I had an interesting conversation the other day about failure of the APICs within an ACI fabric. This particular customer had been burned by another vendor’s fabric solution with regards to failure or upgrade scenarios. I mentioned that the APICs could all blow up and the data plane of the fabric would keep chugging along. This customer said, “I want to see it. I want to pull the power to the controllers and see it.”
I realized that I had been saying this scenario was possible for a while now, but I had never explicitly tested it. I figured I had better ensure this behavior before I have my customer come out and pull the plug on my APICs.
Here is the setup. I have two EPGs on either side of an F5 LTM. This LTM is doing a simple round robin load balancing of some apache web servers. In my test, I am pinging the virtual server on the LTM. I also tested that I could get to the web pages served by the pool defined in the LTM.

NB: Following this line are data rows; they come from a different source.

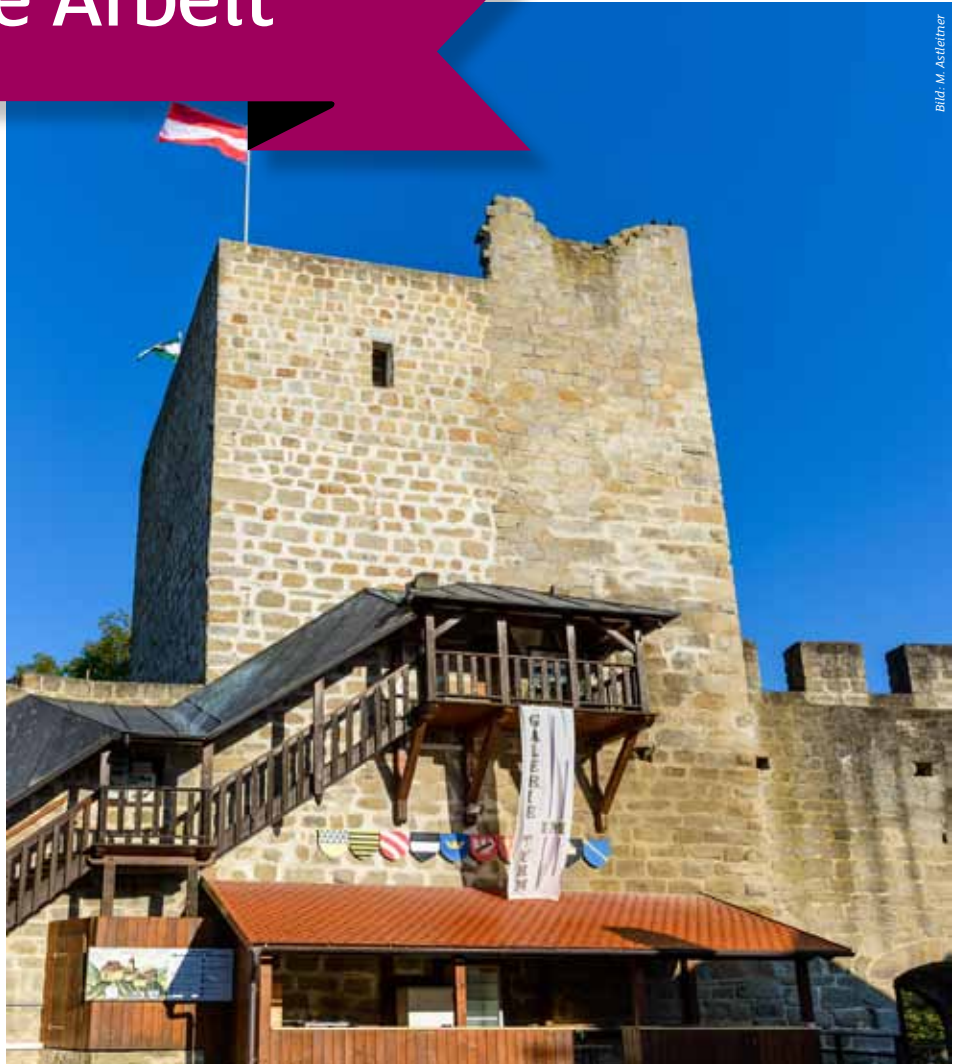
Der liebevoll restaurierte Turm der Feste die einst im Besitz der Regensburger Domherren war.

Dieses Vorhaben hat eine Gruppe von Schwertbergern aufgeweckt und zur Gründung eines Vereines veranlasst, der es sich zum Ziel gesetzt hat, die Renovierung und Reaktivierung der Ruine Windegg in Angriff zu nehmen. Innerhalb kürzester Zeit fanden sich über 300 Mitglieder im „Arbeitskreis Windegg“ zusammen und begannen spontan mit der zum Teil sehr gefährlichen und finanziell sehr aufwendigen Renovierungsarbeit.
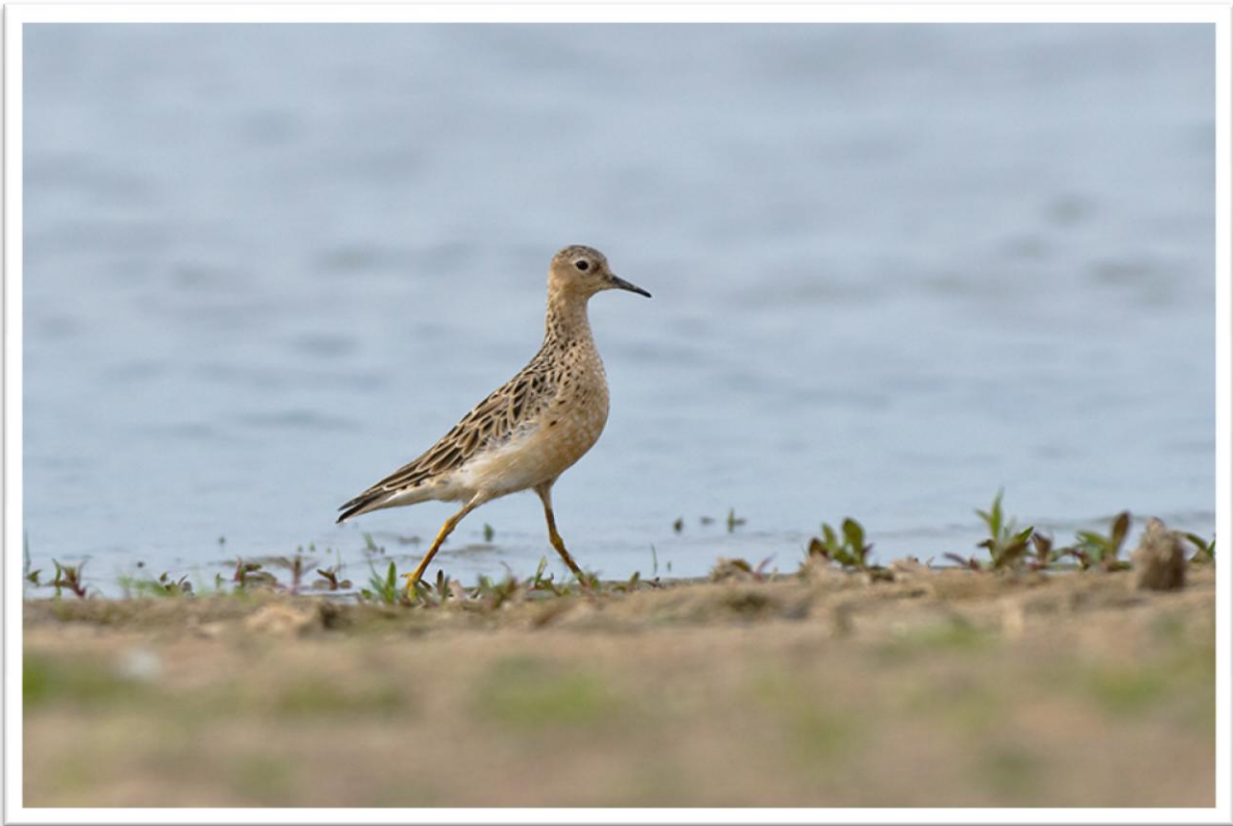
Blonde ruiter Tryngites subruficollis – 13 mei 2011
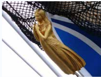
海王丸の船首像「紺青(こんじょう)」

船首像：船首に取り付けた装飾品。9～10世紀のバイキング船などから取り付けられたりしていた。16世紀以降、船の用途などによって様々な像が取り付けられるようになった。一時巨大化したが徐々に小さく軽量化していき、やがて軍艦の機能上衰退していった。
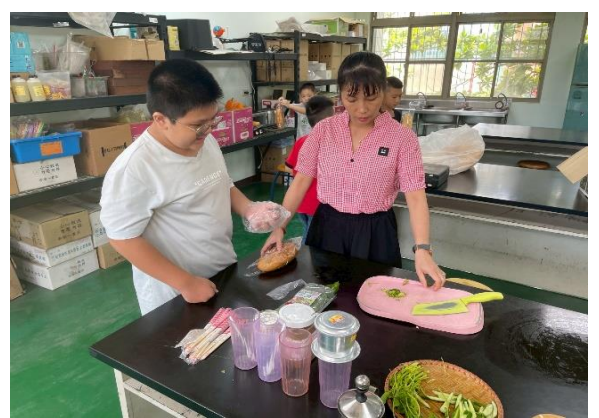
白河國小—製作越南法國麵包
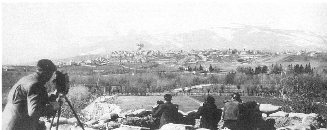
Els fotògrafs contemplen la columna de fum que s'aixeca de Puigcerdà.

Cinc minuts després de migdia, l'esquadrilla va tornar a passar, sempre a la mateixa altitud, damunt de Puigcerdà. En la vall van bombardejar intensament l'aeròdrom d'Alp, on, diuen, hi havia dipòsits d'avions. Però com mai hom va veure volar-ne en aquests paratges, hom dubta generalment de la seva existència. Sigui el que sigui, els vuit aparells van tornar a prendre la direcció de Ripoll. El seu raid era acabat».
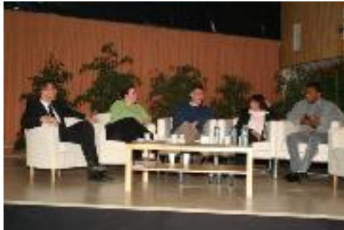
Autour des défis en tennis de table

Lors de cette soirée, une séance de dédicace a eu lieu durant le cocktail.
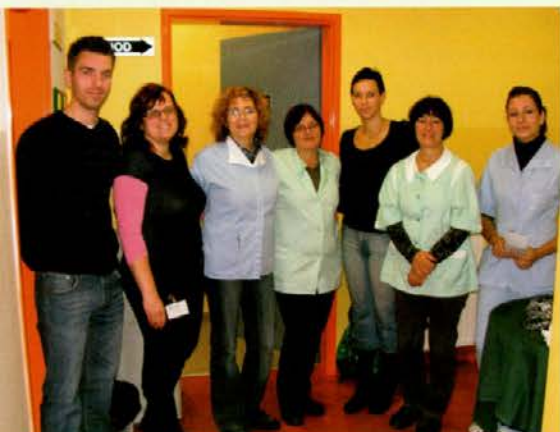
Izvajalci zdravstvene delavnice v Podvelki
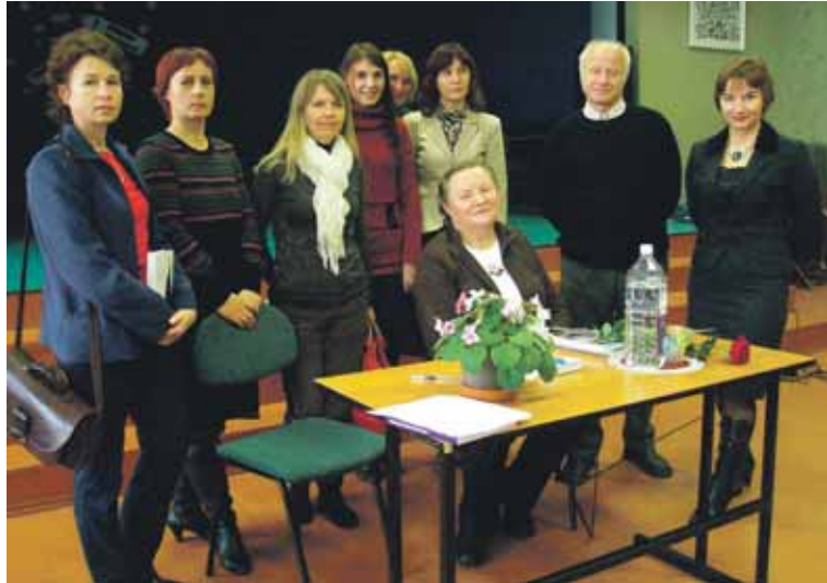
Rašytoja Vanda Juknaitė su „Atgimimo“ vid. mokyklos mokytojais

Kasmet tradiciškai „Atgimimo“ vid. mokykloje vyksta susitikimai su rašytojais. Šį rudenį sulaukėme ir žinomos rašytojos, ir gausaus būrio literatūrologų iš Vilniaus pedagoginio universiteto (VPU).
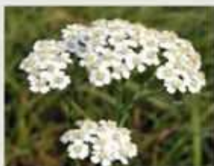
Achillea - Torniamo insieme

I am advertising the bridge domain subnet (10.207.141.0/24) associated with F5 Outside EPG via an L3 Out.
Starting a ping to all three controllers and the VS on the LTM appliance (10.207.141.100). I can ping all four addresses. I can also access web pages from servers in the Web EPG that are load balanced by the LTM.
I logged into the CIMC of all three controllers and did a reboot. At this point I lost pings to all three controllers as expected. I did, however, keep my pings to the VS and I was still able to access web pages.
Now I have proof that the APIC failures do not affect data plane traffic. I can rest easy the next time a customer questions that statement.